(WHAT TO DO)
A faithful copy of the data, pictures omitted, is the required answer.

(DATASET SECTION)
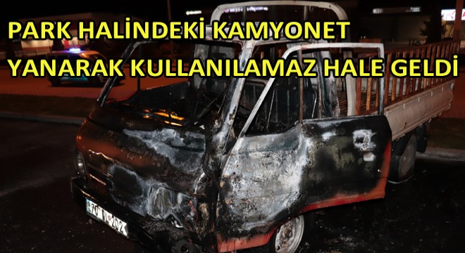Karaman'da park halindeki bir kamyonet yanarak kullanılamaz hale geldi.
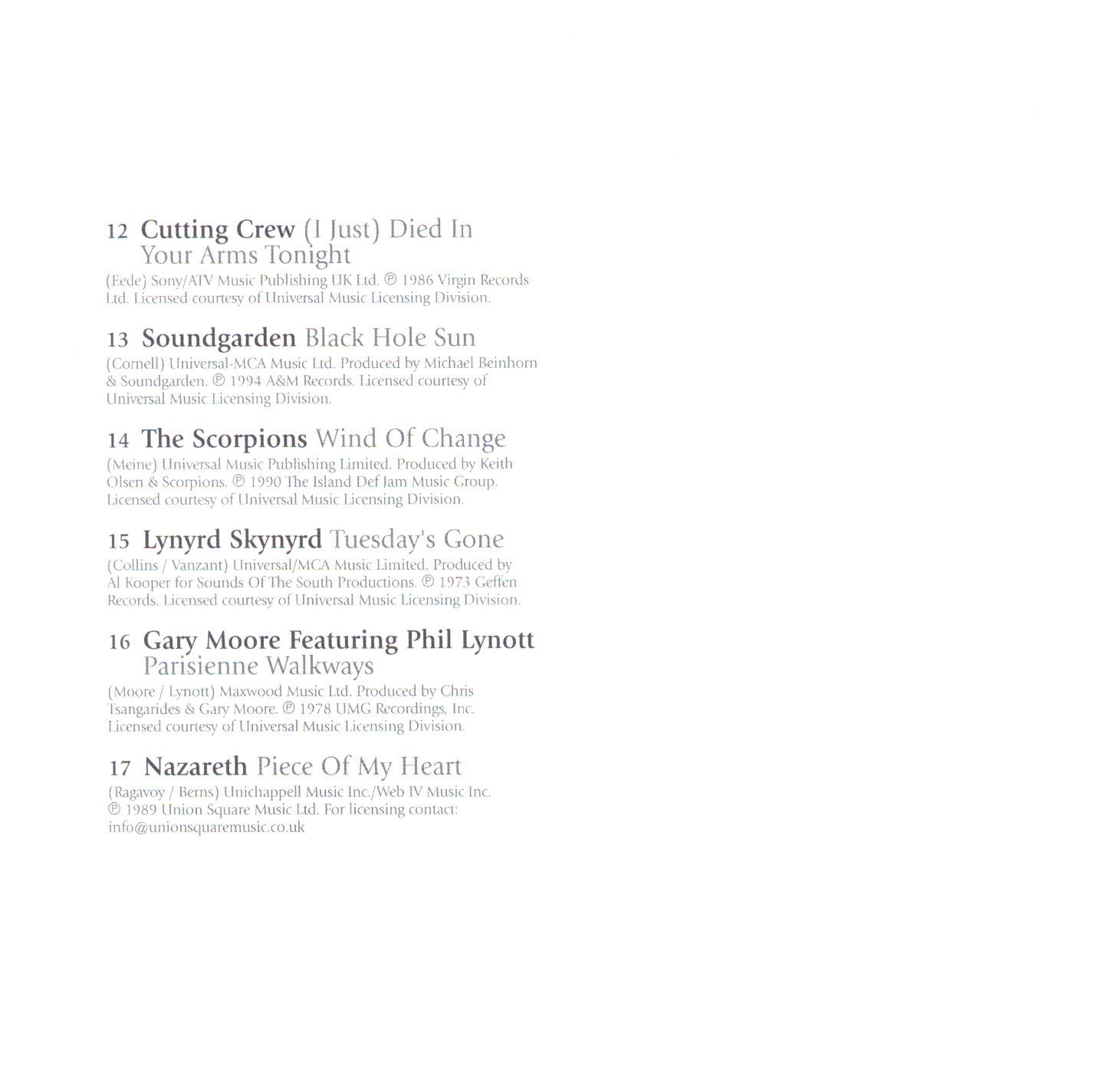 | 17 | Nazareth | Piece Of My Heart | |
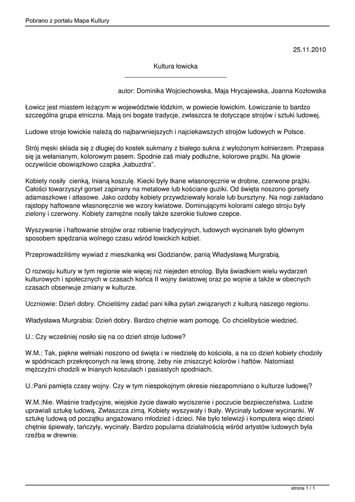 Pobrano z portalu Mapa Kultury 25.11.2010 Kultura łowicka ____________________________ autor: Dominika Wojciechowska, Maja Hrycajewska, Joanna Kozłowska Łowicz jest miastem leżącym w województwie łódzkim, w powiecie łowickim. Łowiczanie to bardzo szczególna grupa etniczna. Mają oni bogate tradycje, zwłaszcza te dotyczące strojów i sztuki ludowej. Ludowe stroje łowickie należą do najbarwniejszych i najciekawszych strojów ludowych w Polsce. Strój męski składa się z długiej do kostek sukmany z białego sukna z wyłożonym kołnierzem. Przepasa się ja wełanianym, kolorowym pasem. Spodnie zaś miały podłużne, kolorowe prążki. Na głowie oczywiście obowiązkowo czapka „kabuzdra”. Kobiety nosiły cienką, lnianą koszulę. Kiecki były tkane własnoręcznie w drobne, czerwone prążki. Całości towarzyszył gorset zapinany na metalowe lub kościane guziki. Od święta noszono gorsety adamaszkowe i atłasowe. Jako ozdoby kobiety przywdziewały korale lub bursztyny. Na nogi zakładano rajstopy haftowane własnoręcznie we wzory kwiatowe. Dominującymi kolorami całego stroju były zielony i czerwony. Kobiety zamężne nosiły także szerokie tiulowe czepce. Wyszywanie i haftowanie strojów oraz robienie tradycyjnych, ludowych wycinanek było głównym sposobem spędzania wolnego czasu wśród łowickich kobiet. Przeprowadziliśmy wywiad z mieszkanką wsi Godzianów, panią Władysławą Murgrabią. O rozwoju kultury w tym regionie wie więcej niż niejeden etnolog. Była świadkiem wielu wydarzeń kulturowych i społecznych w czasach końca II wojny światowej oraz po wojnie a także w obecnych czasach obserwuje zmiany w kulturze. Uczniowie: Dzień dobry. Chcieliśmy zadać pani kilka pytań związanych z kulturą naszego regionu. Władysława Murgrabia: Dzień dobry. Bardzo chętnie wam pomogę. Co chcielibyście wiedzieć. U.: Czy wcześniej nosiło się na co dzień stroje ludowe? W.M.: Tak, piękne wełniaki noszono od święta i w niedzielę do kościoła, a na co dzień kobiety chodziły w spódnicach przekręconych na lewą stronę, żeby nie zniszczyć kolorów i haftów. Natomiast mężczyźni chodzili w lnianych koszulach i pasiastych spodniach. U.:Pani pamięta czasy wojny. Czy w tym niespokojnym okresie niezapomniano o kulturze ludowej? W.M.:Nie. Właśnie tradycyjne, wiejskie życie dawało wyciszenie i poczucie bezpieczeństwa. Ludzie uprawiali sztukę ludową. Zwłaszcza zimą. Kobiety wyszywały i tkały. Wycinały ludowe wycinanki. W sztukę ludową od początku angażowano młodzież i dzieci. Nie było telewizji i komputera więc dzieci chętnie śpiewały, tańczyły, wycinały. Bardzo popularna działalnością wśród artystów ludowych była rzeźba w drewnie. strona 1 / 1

(THE ANSWER)
Karaman'da park halindeki bir kamyonet yanarak kullanılamaz hale geldi.
 | 17 | Nazareth | Piece Of My Heart | |
 Pobrano z portalu Mapa Kultury 25.11.2010 Kultura łowicka ____________________________ autor: Dominika Wojciechowska, Maja Hrycajewska, Joanna Kozłowska Łowicz jest miastem leżącym w województwie łódzkim, w powiecie łowickim. Łowiczanie to bardzo szczególna grupa etniczna. Mają oni bogate tradycje, zwłaszcza te dotyczące strojów i sztuki ludowej. Ludowe stroje łowickie należą do najbarwniejszych i najciekawszych strojów ludowych w Polsce. Strój męski składa się z długiej do kostek sukmany z białego sukna z wyłożonym kołnierzem. Przepasa się ja wełanianym, kolorowym pasem. Spodnie zaś miały podłużne, kolorowe prążki. Na głowie oczywiście obowiązkowo czapka „kabuzdra”. Kobiety nosiły cienką, lnianą koszulę. Kiecki były tkane własnoręcznie w drobne, czerwone prążki. Całości towarzyszył gorset zapinany na metalowe lub kościane guziki. Od święta noszono gorsety adamaszkowe i atłasowe. Jako ozdoby kobiety przywdziewały korale lub bursztyny. Na nogi zakładano rajstopy haftowane własnoręcznie we wzory kwiatowe. Dominującymi kolorami całego stroju były zielony i czerwony. Kobiety zamężne nosiły także szerokie tiulowe czepce. Wyszywanie i haftowanie strojów oraz robienie tradycyjnych, ludowych wycinanek było głównym sposobem spędzania wolnego czasu wśród łowickich kobiet. Przeprowadziliśmy wywiad z mieszkanką wsi Godzianów, panią Władysławą Murgrabią. O rozwoju kultury w tym regionie wie więcej niż niejeden etnolog. Była świadkiem wielu wydarzeń kulturowych i społecznych w czasach końca II wojny światowej oraz po wojnie a także w obecnych czasach obserwuje zmiany w kulturze. Uczniowie: Dzień dobry. Chcieliśmy zadać pani kilka pytań związanych z kulturą naszego regionu. Władysława Murgrabia: Dzień dobry. Bardzo chętnie wam pomogę. Co chcielibyście wiedzieć. U.: Czy wcześniej nosiło się na co dzień stroje ludowe? W.M.: Tak, piękne wełniaki noszono od święta i w niedzielę do kościoła, a na co dzień kobiety chodziły w spódnicach przekręconych na lewą stronę, żeby nie zniszczyć kolorów i haftów. Natomiast mężczyźni chodzili w lnianych koszulach i pasiastych spodniach. U.:Pani pamięta czasy wojny. Czy w tym niespokojnym okresie niezapomniano o kulturze ludowej? W.M.:Nie. Właśnie tradycyjne, wiejskie życie dawało wyciszenie i poczucie bezpieczeństwa. Ludzie uprawiali sztukę ludową. Zwłaszcza zimą. Kobiety wyszywały i tkały. Wycinały ludowe wycinanki. W sztukę ludową od początku angażowano młodzież i dzieci. Nie było telewizji i komputera więc dzieci chętnie śpiewały, tańczyły, wycinały. Bardzo popularna działalnością wśród artystów ludowych była rzeźba w drewnie. strona 1 / 1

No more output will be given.